Progressive governance	Draft artifacts and draft Workloads exist for fast iteration: 8-hour TTL, no required `importance`. Governance applies when you lock—either directly with `PATCH /artifacts/{id}` or in place via `POST /workloads/{id}/promote`.
Infrastructure abstraction	Workload status is computed from pod predicates by the platform, not surfaced from any specific underlying operator.

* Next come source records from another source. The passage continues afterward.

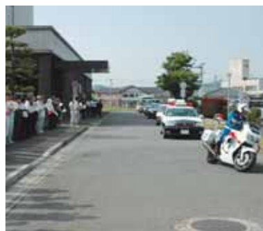
▲市内パレードへと出発

運動初日の五月十一日には、交通安全を訴える市内パレードのあと、終点のひまわり館前で街頭キャンペーンが行われました。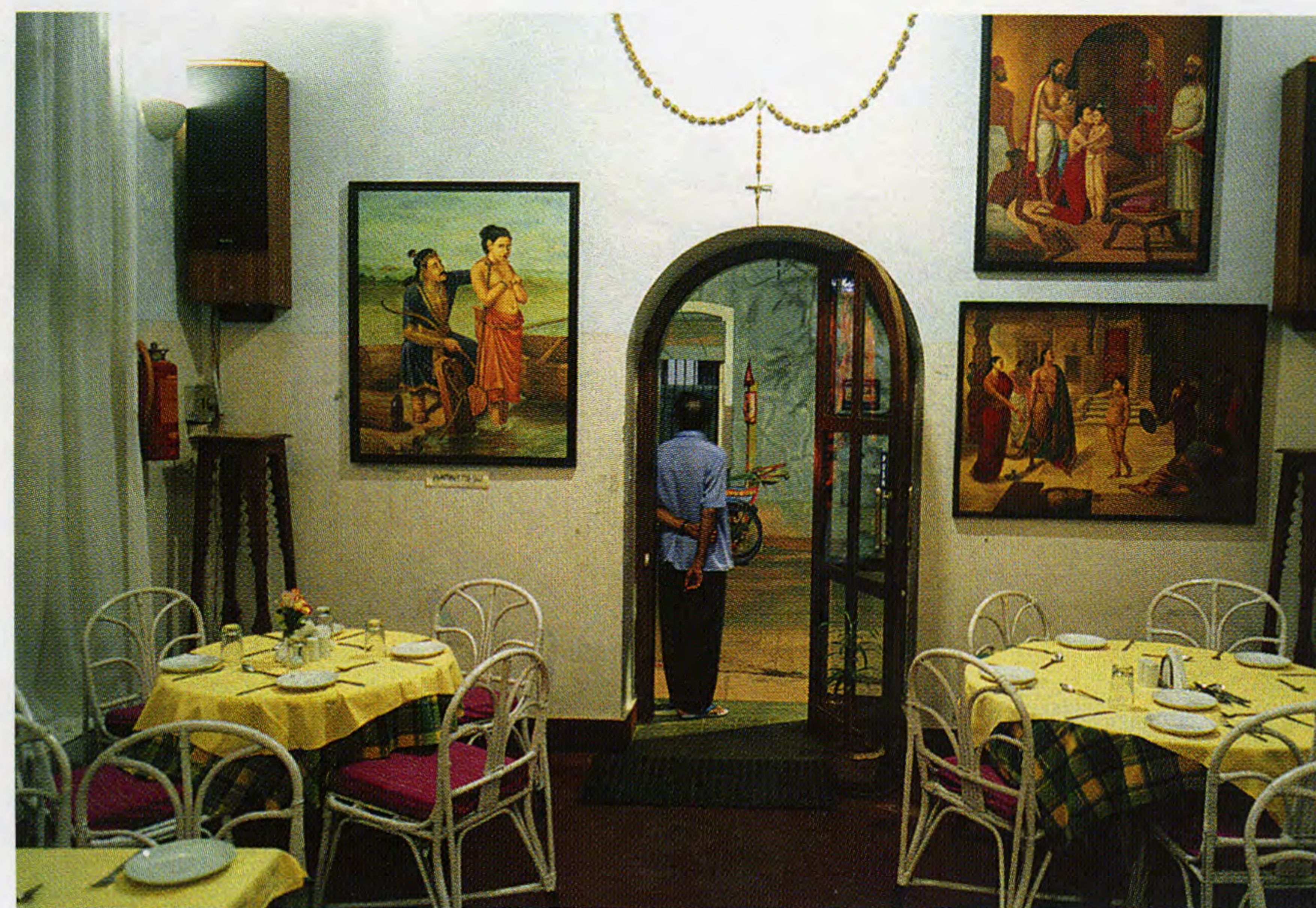
Кафе в португальском квартале в Гоа.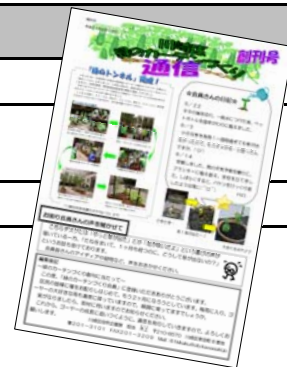
緑のカーテン通信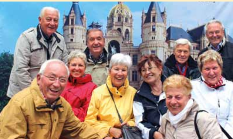
Fotoaktion vor täuschend echter Schlosskulisse

The API surface is uniform across Workload types so the same lifecycle semantics apply whether your Workload runs as a Kubernetes Deployment, a NIM custom resource, or another execution shape.

次のステップ¶

Next, learn about Workload API endpoints and run the hello-world tutorial to deploy a real container in five minutes.

リソース	説明
Hello, Workload	Deploy `whoami` as a draft Workload, following the shortest path from zero to a running container on DataRobot.
API quick reference	Authentication, endpoint groups, and links into generated API documentation.
Best practices and troubleshooting	Container design, production hardening, security, and recovery steps for common failures.
Workload APIスキル	`datarobot-workload-api`コーディングエージェントスキルをインストールすると、Claude Code、Cursor、その他のエージェントから自然言語でワークロードのデプロイ、デバッグ、監視、管理を行うことができます。
CLIを使用したアーティファクトの管理	`dr artifact`リファレンス：ターミナルからワークロードアーティファクトのコードを作成、構築、ロック、および管理します。
CLIを使用したワークロードの管理	`dr workload`リファレンス：ターミナルからワークロードを作成、開始、停止、監視、および削除します。